Agricultural biotechnology was the subject of a two-panel hearing Wednesday, hosted by the Senate Ag Committee.
On the first panel, the Committee welcomed representatives from three key agencies involved in agriculture and biotechnology – USDA's Animal and Plant Health Inspection Service, the Environmental Protection Agency, and the Food and Drug Administration.
For a second panel, the Committee invited Vermont farmer Joanna Lidback, Herr Foods President Daryl Thomas, Stonyfield Farm Co-Founder Gary Hirshberg, Center for Science in the Public Interest Biotech Director Gregory Jaffe and MassGeneral Hospital for Children Physician in Chief Dr. Ronald Kelinman.
While the overarching topic was biotechnology in agriculture, much of the discussion centered on GMO labeling; In the first panel, experts testified on the safety of biotechnology.
"We have great confidence in the safety of GE crops that have been approved under the U.S. regulatory system," testified Michael Gregoire, associate administrator of USDA APHIS.
The director of the Center for Food Safety and Applied Nutrition at FDA, Susan Mayne, agreed.
"We are confident that foods from genetically engineered sources in the U.S. marketplace today are as safe as their conventional counterparts," she said.
Later, other panelists discussed what could happen to the food supply chain if an approved state law in Vermont requiring GMO labels is allowed to go into full effect next year.
According to Herr Foods' Daryl Thomas, his company would be required to segregate products and perform third-party analysis on GMO-free products while changing packaging. All of that would bring added costs to the consumer, he said.
Farmer Joanna Lidback noted in her prepared testimony that ultimately, livestock farmers could be affected by such biotech concerns because her farm demands feeds derived from biotech crops to remain profitable.

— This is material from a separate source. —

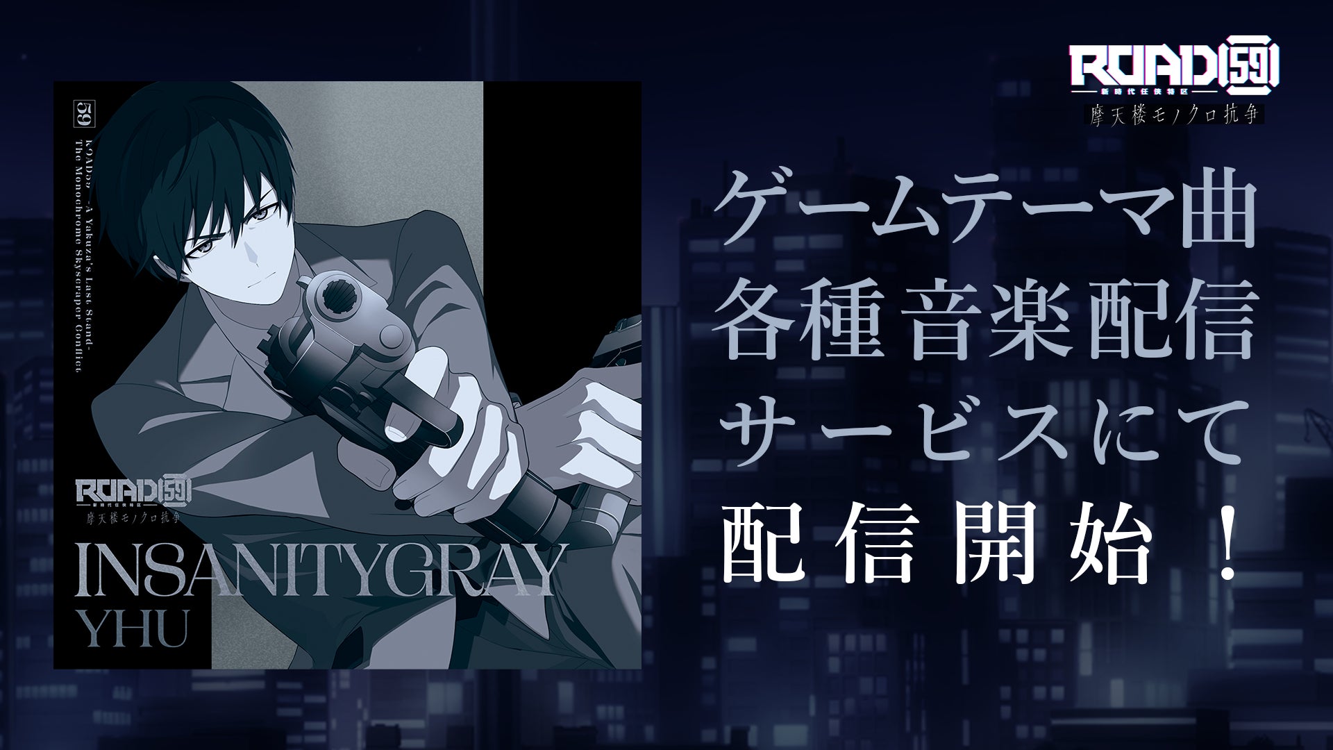 10月2日0時より各種音楽配信サービスにてビジュアルノベルゲーム「ROAD59 -新時代任侠特区- 摩天楼モノクロ抗争」のメインテーマ曲「INSANITYGRAY」をデジタルリリースいたしました。

"We'd be paying an additional $4,000 a month or $48,000 a year for non-GMO feed," she explained. "I don't see how we could profitably farm with those increased costs; I'm certain our small farm would be pushed out of business."
Following the hearing, the National Corn Growers Association, National Council of Farmer Cooperatives and National Grain and Feed Association suggested that a national labeling standard is needed to clear up confusion and avoid potential varying state laws.
"NCGA and Congress agree: consumers should have access to food choices that are safe, nutritious, abundant and affordable," said NCGA Trade Policy and Biotechnology Action Team Chair John Linder.
"Congress, and only Congress, can now prevent a costly and confusing patchwork of state labeling laws from taking effect next year. The Senate must act now to avoid the negative consequences inaction will surely bring for consumers and farmers across the country."
Lidback, who represented NCFC on the panel, said she favored a national voluntary standard because an affirmative label could be perceived by the consumer as negative.
"In my opinion, the new label wouldn’t better inform consumers but instead serve as a warning sign,” Lidback testified. “If a small percent of consumers are to drive a GMO labeling requirement I believe it should be done in a voluntary and cohesive way at the federal level."
In July, legislation passed the House of Representatives with strong bipartisan support that would create uniform national food labeling standards. If the Senate does not follow suit, Vermont's GMO labeling law will go into effect next July.
Meanwhile, other states and localities have passed or are considering state-level labeling mandates.